In fact I distinctly remember being baffled at how hard it was to install a particular driver -- only to discover that the system balked correctly: the driver didn't need to be installed, the device had been working all along, out of the box. I was banging my head against non-existing walls; these turned out to be harder than existing walls ;-)

> Linux is the only consortium of operating systems that still suffer from the inability to "just work out of the box"

I'm sorry to disagree, but after a fresh install of windows you still have to install a ton of drivers for specific hardware plus a ton of reboots after each one.

In fact IMHO Ubuntu offers a way better "out of the box" experience than windows does nowadays.

>OS X will work on any hardware it is permitted to operate on.

I've actually hacked the OS X installer to work on an older MacBook that wasn't "supported" anymore.

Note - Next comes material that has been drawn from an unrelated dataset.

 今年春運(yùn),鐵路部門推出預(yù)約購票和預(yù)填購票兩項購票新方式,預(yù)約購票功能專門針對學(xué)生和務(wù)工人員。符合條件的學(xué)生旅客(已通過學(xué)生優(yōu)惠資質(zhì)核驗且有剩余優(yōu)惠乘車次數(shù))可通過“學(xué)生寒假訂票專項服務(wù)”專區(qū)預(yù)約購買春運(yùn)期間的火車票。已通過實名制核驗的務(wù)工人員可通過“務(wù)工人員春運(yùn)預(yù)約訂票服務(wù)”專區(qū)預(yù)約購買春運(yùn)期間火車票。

I think it was OS X 10.5 and the installer had something like this in there:

if(MacBook<3,1) ThrowError();

Rather amusingly everything worked after I changed that one line in the script...

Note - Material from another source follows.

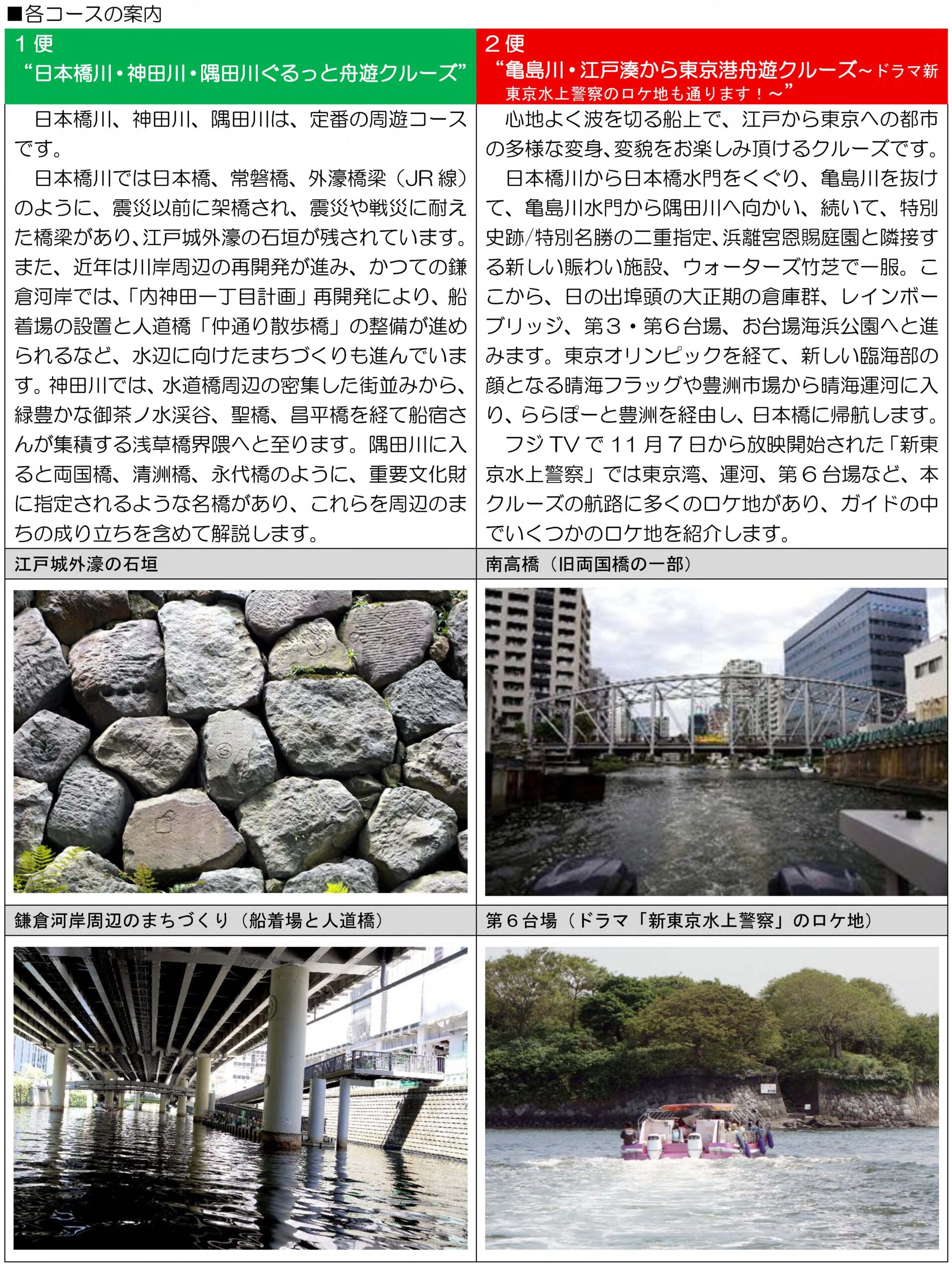 1便は、“日本橋川・神田川・隅田川ぐるっと舟遊クルーズ”、2便は“東京港舟遊クルーズ~~ドラマ新東京水上警察のロケ地も通ります!~”の2つのクルーズをお楽しみ頂けます。本会の習熟したガイドが各人の個性豊かにご案内します。皆様のふるっての御参加を、宜しくお願い致します。

I did the exact same thing! I was a tiny bit proud of that clever hack. It was just too easy to really feel good about it though.
> We need another closed-source unix/linux-based operating system that throws away X.org and its attempted modern replacements, that can directly compete with OS X.

Jordan Hubbard is at iXsystems now. FreeNAS/TrueNAS & PC-BSD/ TrueOS.

So maybe.

> Windows will work on practically any combination of hardware. OS X will work on any hardware it is permitted to operate on. Linux is the only consortium of operating systems that still suffer from the inability to "just work out of the box".

Linux is exactly like Windows in this regard: it works just fine as long as you have the right third-party drivers. Hell, I remember having trouble installing my ATI drivers on win7 because win7 fallback was 640x480, and the braindead driver installer window was taller than that - you couldn't see the bottom of the window to click on the buttons (and windows wouldn't let you drag the top of the window offscreen). In the XP days, having windows completely fail to work with NICs was so frustrating that a friend of mine slipstreamed a vanilla installation disk with 676 NIC drivers on it, so 'no matter where you installed it, it would get network!'

So no, Windows doesn't work on 'practically any hardware' - you need to have the right drivers for it, same as linux/bsd/whatever.

> So no, Windows doesn't work on 'practically any hardware' - you need to have the right drivers for it, same as linux/bsd/whatever.

Sure. But it seems silly to acknowledge that fact while omitting the fact that hardware manufacturers actually always build drivers for Windows and they hardly ever build them for Linux.